# Doodlebugs



## bricycle (Oct 8, 2018)

Anyone have any spare parts laying around?



106


----------



## bricycle (Dec 19, 2018)

bump


----------



## Gordon (Dec 19, 2018)

Unfortunately you are too late, everything I had is gone. NP's, frames, tires, wheels, etc. I'll keep my eyes open though - you never know.


----------



## bricycle (Dec 19, 2018)

Crassly???


----------



## Gordon (Dec 20, 2018)

Yup, Crassly.
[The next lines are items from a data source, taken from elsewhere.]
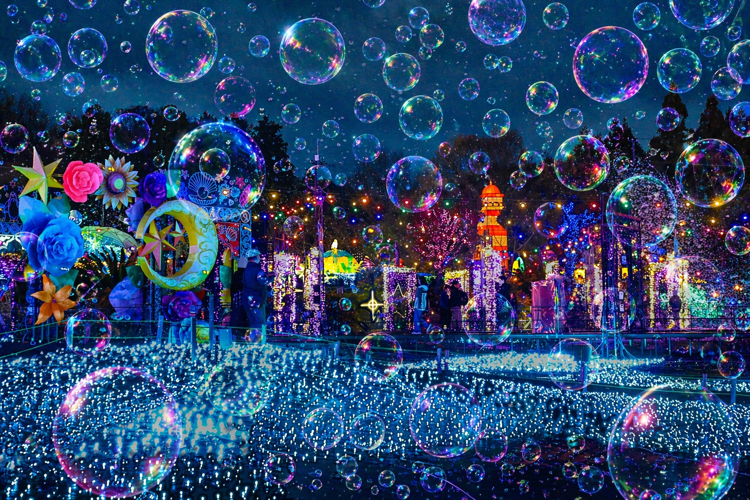 イルミエリアの各所に設置された装置から無数のシャボン玉が生み出され、音楽に乗って宙を乱舞する必見のショータイム!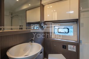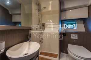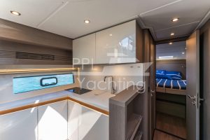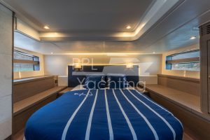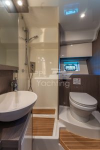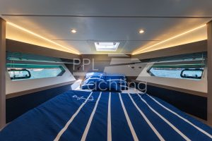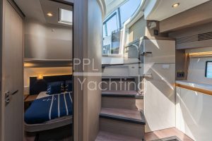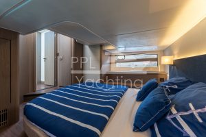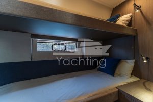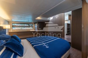 Below deck 2 cabins with a large double bed and each with an en-suite bathroom as well as a third cabin with bunk beds, accommodating up to six guest in total. In the companionway / lower galley a large fridge & freezer combination as well as a dish washer are found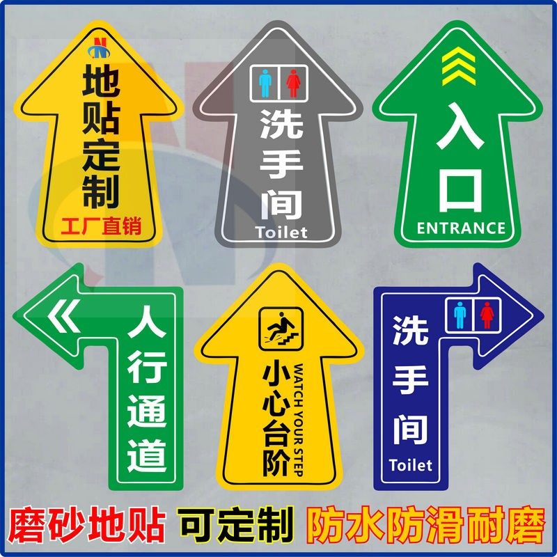 📚 箭头地贴标识磨砂耐磨指示贴医院洗手间超市商场出入口定制标志牌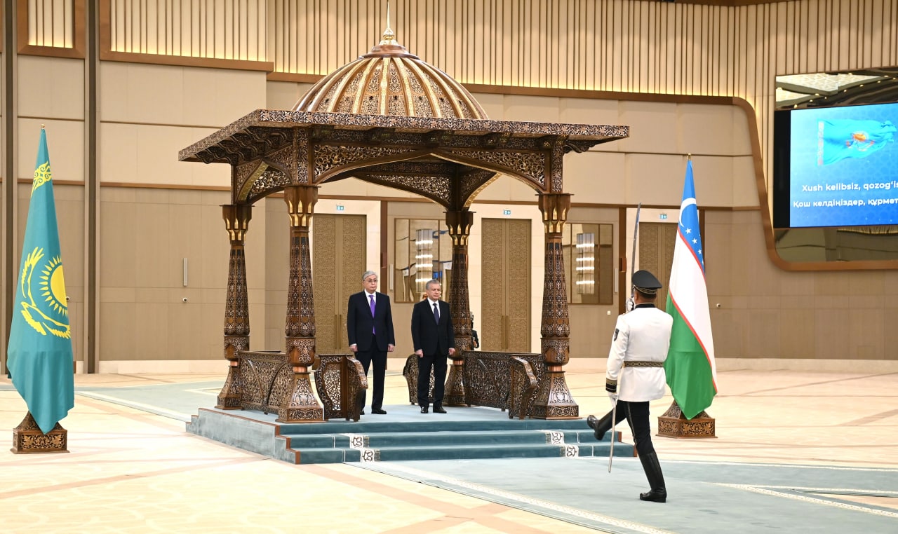 Лидеры двух стран приняли приветственный рапорт начальника роты почетного караула, прозвучали государственные гимны Казахстана и Узбекистана.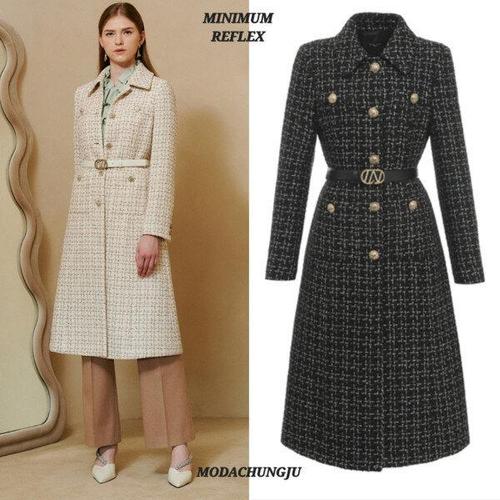 로미온 여성 트위드 롱자켓 가을 코트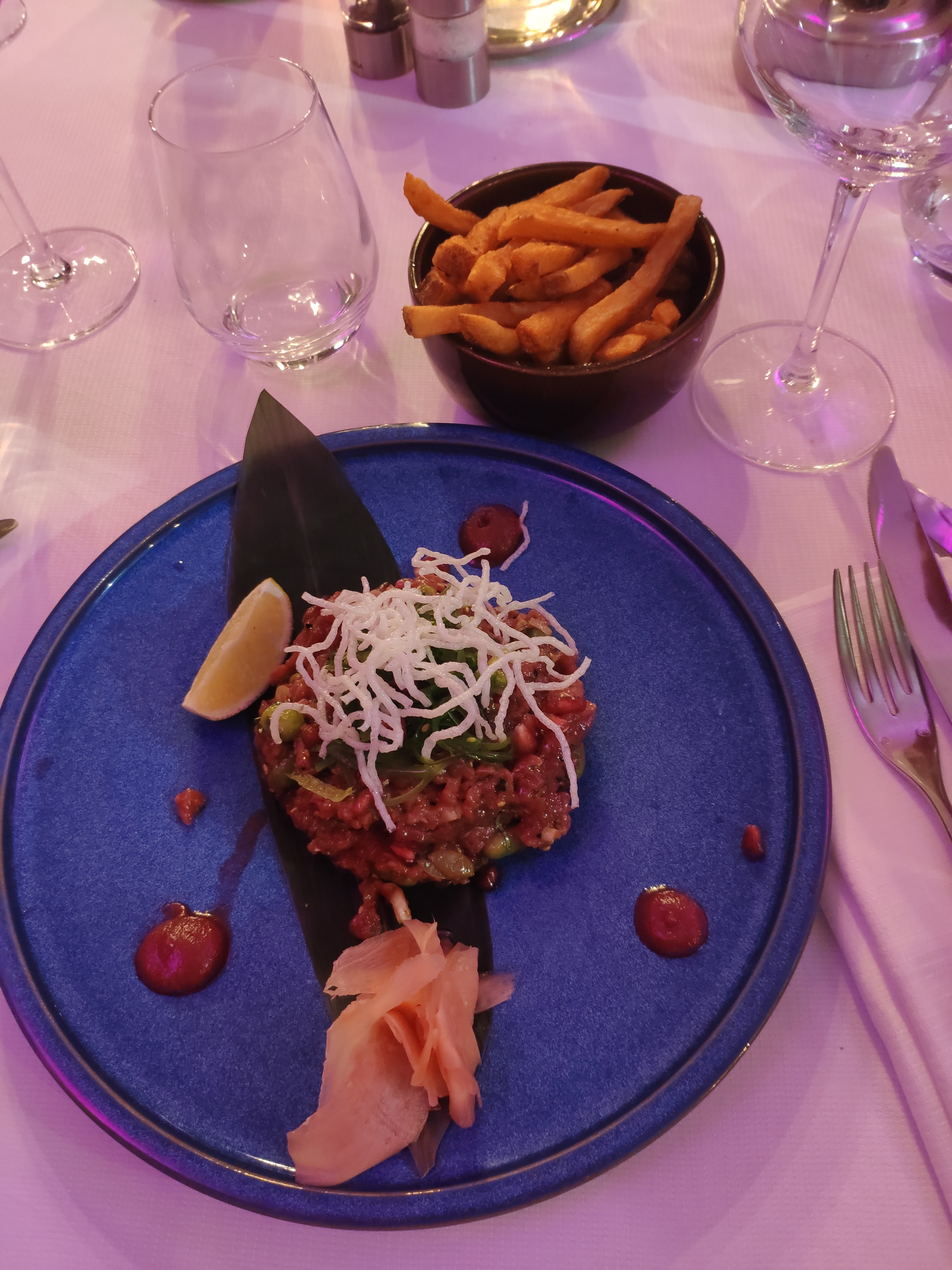 Le dîner était bon même si les prix sont un peu élevés le décor est agréable mais nous avons été un peu déçus de l ambiance qui n a pas été du tout festive alors que nous y étions pour l anniversaire de mon mari malgré la bonne volonté des serveurs… les clients malheureusement trop jeunes n ont pas saisis l opportunité de faire la fête 🥳

Actually it is a shortened version of Crasslybradratpoop, which was my nickname when I was in Africa in the Peace Corps in the early 1970's.
I think because we had so many Gambles Hardware stores out here there were a lot of Doodlebugs around.


----------



## koolwhizzer (Dec 23, 2018)

bricycle said:


> Anyone have any spare parts laying around?
> 
> 
> 
> 106



Hi There.  I have a doodlebug frame, fork, handlebars, foot rest, both front and rear wheels and tires etc.  Pretty much everything to build a doodlebug minus engine and seat.  Thanking of selling the entire lot.  Let me know if you are interested.  Its been powdercoated a few years back and never assembled.  
Al


----------